▶ **The task**
Below are records with pictures; copy word for word only the lines between the line with "3. Euroban fizess!" and the line with "Je suis moins", inclusive, and drop the pictures.

*** Record extracts Section Begins ***

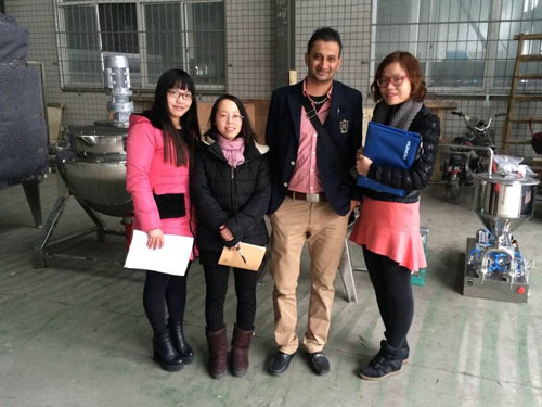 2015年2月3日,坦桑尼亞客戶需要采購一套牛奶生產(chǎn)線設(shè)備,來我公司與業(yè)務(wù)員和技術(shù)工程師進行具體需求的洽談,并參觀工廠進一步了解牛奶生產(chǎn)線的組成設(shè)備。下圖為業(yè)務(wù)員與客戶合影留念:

*** Record extracts Section Ends ***
*** Record extracts Section Begins ***

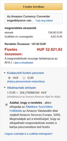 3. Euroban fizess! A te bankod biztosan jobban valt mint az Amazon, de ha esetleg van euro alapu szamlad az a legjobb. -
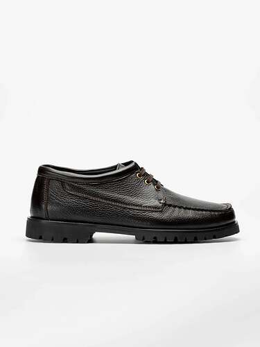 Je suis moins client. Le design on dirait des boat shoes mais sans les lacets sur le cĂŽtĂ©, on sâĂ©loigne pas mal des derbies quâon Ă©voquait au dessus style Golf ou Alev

*** Record extracts Section Ends ***
*** Record extracts Section Begins ***

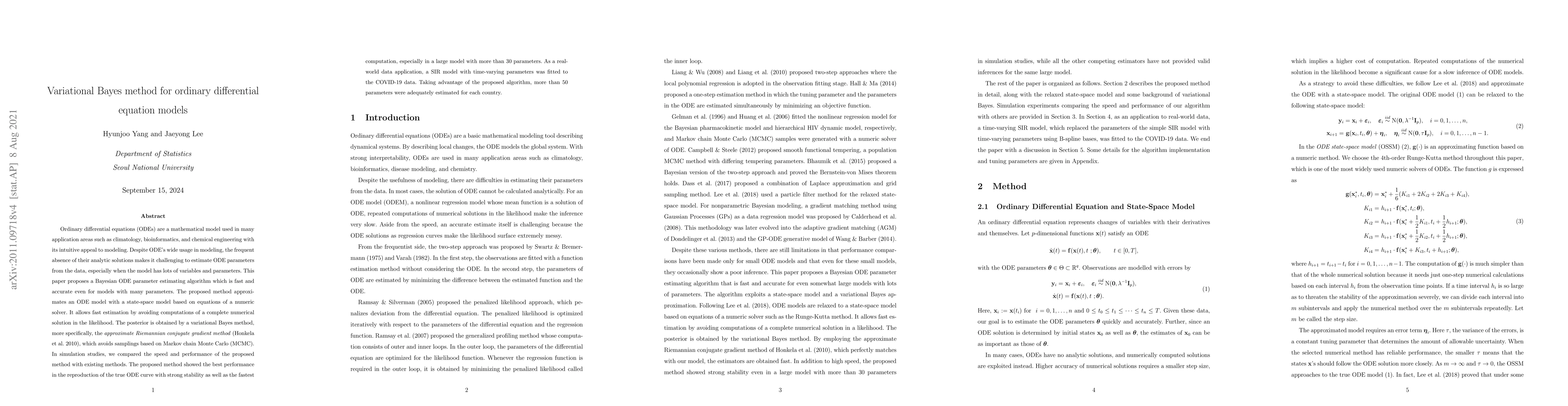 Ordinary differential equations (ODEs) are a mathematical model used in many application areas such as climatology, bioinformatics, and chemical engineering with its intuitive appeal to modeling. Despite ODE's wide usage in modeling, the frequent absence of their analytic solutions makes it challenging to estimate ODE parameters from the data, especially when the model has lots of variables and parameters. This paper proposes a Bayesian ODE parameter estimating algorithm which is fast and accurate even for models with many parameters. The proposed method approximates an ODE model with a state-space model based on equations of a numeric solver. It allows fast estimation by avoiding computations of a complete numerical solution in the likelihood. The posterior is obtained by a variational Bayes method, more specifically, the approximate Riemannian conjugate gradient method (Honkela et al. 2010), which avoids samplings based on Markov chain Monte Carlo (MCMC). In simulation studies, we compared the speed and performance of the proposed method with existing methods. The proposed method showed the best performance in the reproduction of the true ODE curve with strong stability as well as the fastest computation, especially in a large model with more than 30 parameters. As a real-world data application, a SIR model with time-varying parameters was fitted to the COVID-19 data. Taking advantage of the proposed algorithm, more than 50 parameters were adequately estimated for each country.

*** Record extracts Section Ends ***

▶ **Answer section**
 3. Euroban fizess! A te bankod biztosan jobban valt mint az Amazon, de ha esetleg van euro alapu szamlad az a legjobb. -
 Je suis moins client. Le design on dirait des boat shoes mais sans les lacets sur le cĂŽtĂ©, on sâĂ©loigne pas mal des derbies quâon Ă©voquait au dessus style Golf ou Alev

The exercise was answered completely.